A great actress and tough as nails. 

RIP

 
 
 
Paula Bartholomew
Professor Participates
3.1  Paula Bartholomew  replied to  Kavika @3    4 years ago

She originally was part of the Scarlet War because every freaking actress in Hollywood wanted the part of Scarlet.  The story of how Vivian Leigh got it is legend and totally amazing.  Maybe I can go into it on another seed.

 
 
 
Buzz of the Orient
Professor Expert
3.1.1  seeder  Buzz of the Orient  replied to  Paula Bartholomew @3.1    4 years ago

Why not here?

 
 
 
Paula Bartholomew
Professor Participates
3.1.2  Paula Bartholomew  replied to  Buzz of the Orient @3.1.1    4 years ago

Because this is about Miss D and not Miss Leigh.  I didn't want to derail.

 
 
 
Buzz of the Orient
Professor Expert
3.1.3  seeder  Buzz of the Orient  replied to  Paula Bartholomew @3.1.2    4 years ago

Okay - good point.

 
 
 
JohnRussell
Professor Principal
5  JohnRussell    4 years ago

Olivia deHaviland was the last of the great movie stars of the 30's and 40's.
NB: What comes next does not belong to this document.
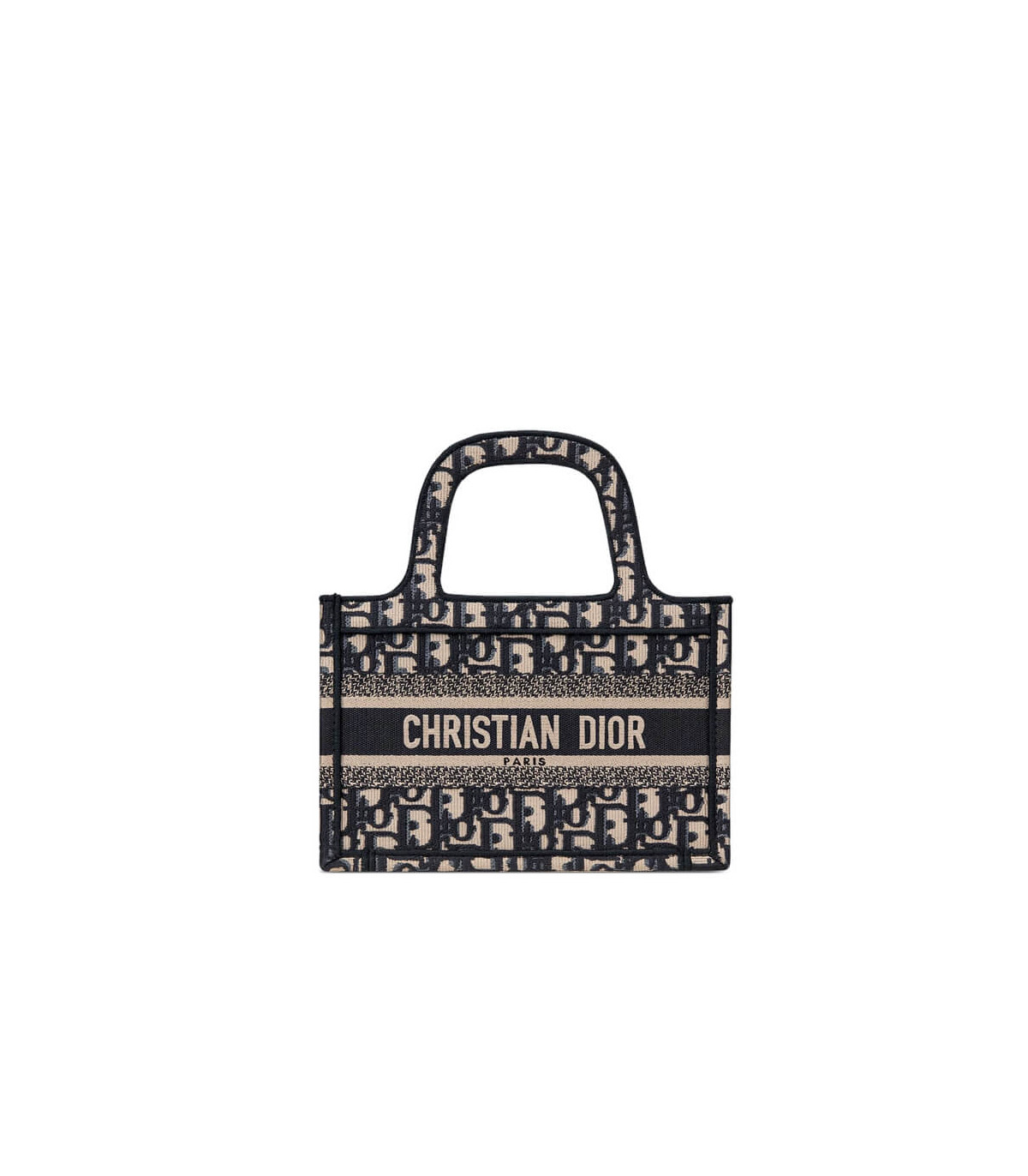 Dior Dior Mini Book Tote Blue Oblique Embroidery

The era has now officially passed on completely. 

 
 
 
Buzz of the Orient
Professor Expert
5.1  seeder  Buzz of the Orient  replied to  JohnRussell @5    4 years ago

Yes, sadly.  You know how much I prefer the movies made back then.

 
 
 
Trout Giggles
Professor Principal
7  Trout Giggles    4 years ago

RIP Dame De Havilland.

I loved her in Gone With the Wind but I think my favorite of hers was The Heiress. She was brilliant and I cried at the end while I cheered for her

 
 
 
Perrie Halpern R.A.
Professor Expert
8  Perrie Halpern R.A.    4 years ago

RIP Ms. De Havilland.

You were a trail blazer and the last of a breed. You will be remembered forever.